Adiponectin was also a key node in PPI network of breast cancer, which was exclusively expressed in adipose tissue. The gene was an adipocytokine secreted by adipocytes, which was demonstrated as a gene negatively regulating cancer cell growth. Previous studies demonstrated that the gene could regulate the processes associated with cell growth, angiogenesis, and tissue remodeling mediated by various growth factors.[24] Chung et al put forward that, in breast cancer cells, ADIPOQ/adiponectin could increase microtubule-associated protein 1 light chain 3 β-II and decrease sequestosome 1 (SQSTM1)/p62 based on the process of autophagy.[25] A previous study by Méndez-Hernández and his colleagues[26] collected a sample of 177 Mexican women with primary breast cancers receiving neoadjuvant therapy and demonstrated that ADIPOQ genotypes was related to chemotherapeutic treatment response. However, in another study by Teras et al,[27] data from 648 cases and 659 controls showed no statistically significant associations between the risk of American breast cancer and polymorphisms of any single nucleotide. In our study, ADIPOQ was regulated by the key TF of PPARG, and we speculated that ADIPOQ might play a major role in breast cancer pathogenesis through being regulated by PPARG.

SQLE was one of the most important prognostic factors in our study. As is well known, SQLE is one of the rate-limiting enzymes in sterol biosynthesis. Brown et al [28] tried to assess the correlation of copy number and gene expression levels of SQLE among multiple cancer types and showed that SQLE was an important therapeutic target in breast cancer. In our study, SQLE was also demonstrated as one of the most important prognosis genes, and patients with higher SQLE expression levels would have poorer prognosis.

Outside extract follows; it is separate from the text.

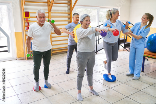 Physiotherapist assisting elderly woman in movement therapy at rehab center
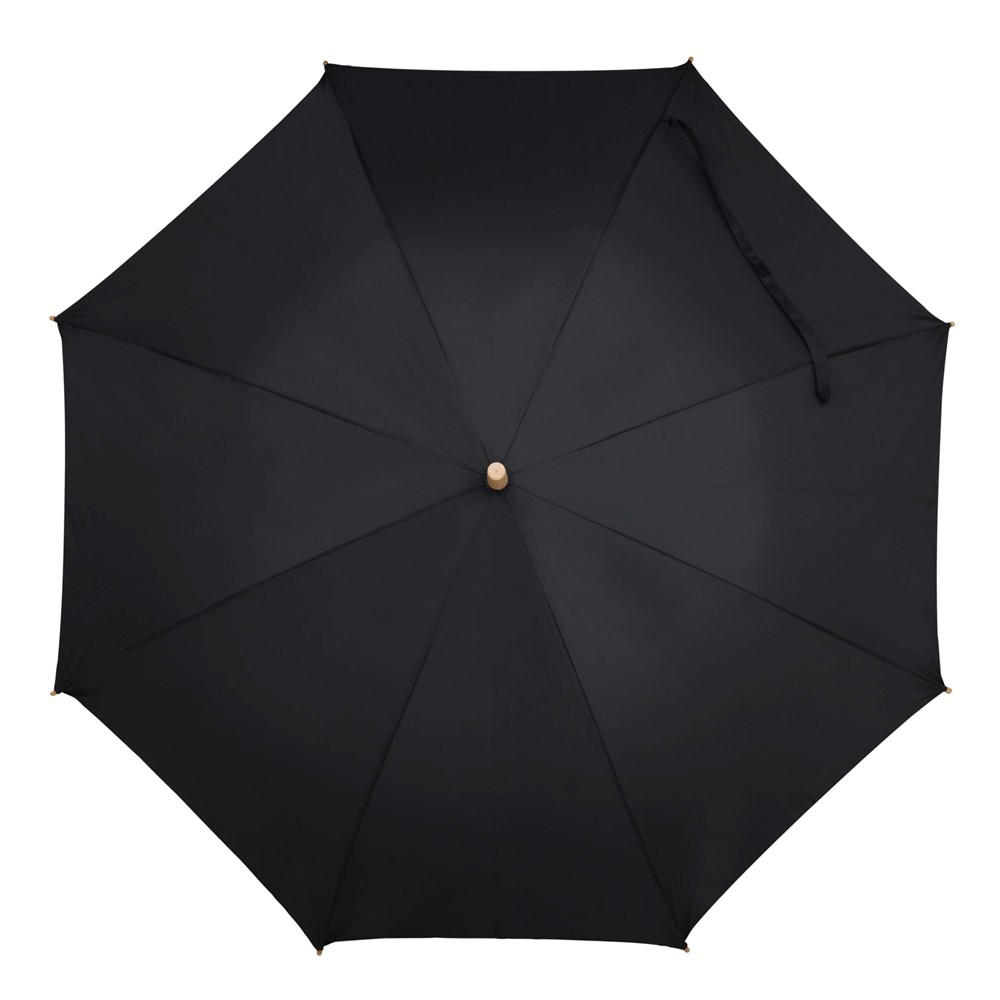 Stockschirm aus R-PET-Material mit einem eleganten Holzgriff. Durch den stabilen Fiberglasrahmen... mehr

PDK4 is a key enzyme in the process of glucose metabolism and highly expressed in breast cancers. Our data showed the gene was one of key nodes of PPI network in breast cancer, and it has a targeted binding relationship with more than 5 miRNAs. Previous evidence demonstrated inverse correlation between expression of miR-211 and PDK4, and targeting miR-211 to inhibit PDK4 was recognized as a valuable potential therapeutic strategy in breast cancers.[29] In our study, the correlations between PDK4 and 20 miRNAs were demonstrated, such as miR-211, miR-602, and miR-16. Although no clinical data have been published on these correlations, these findings might be useful for future advances in breast cancer treatment.

In summary, SQLE and PPARG might be important prognostic factors in breast cancers, and ADIPOQ might play a major role breast cancer pathogenesis regulated by PPARG.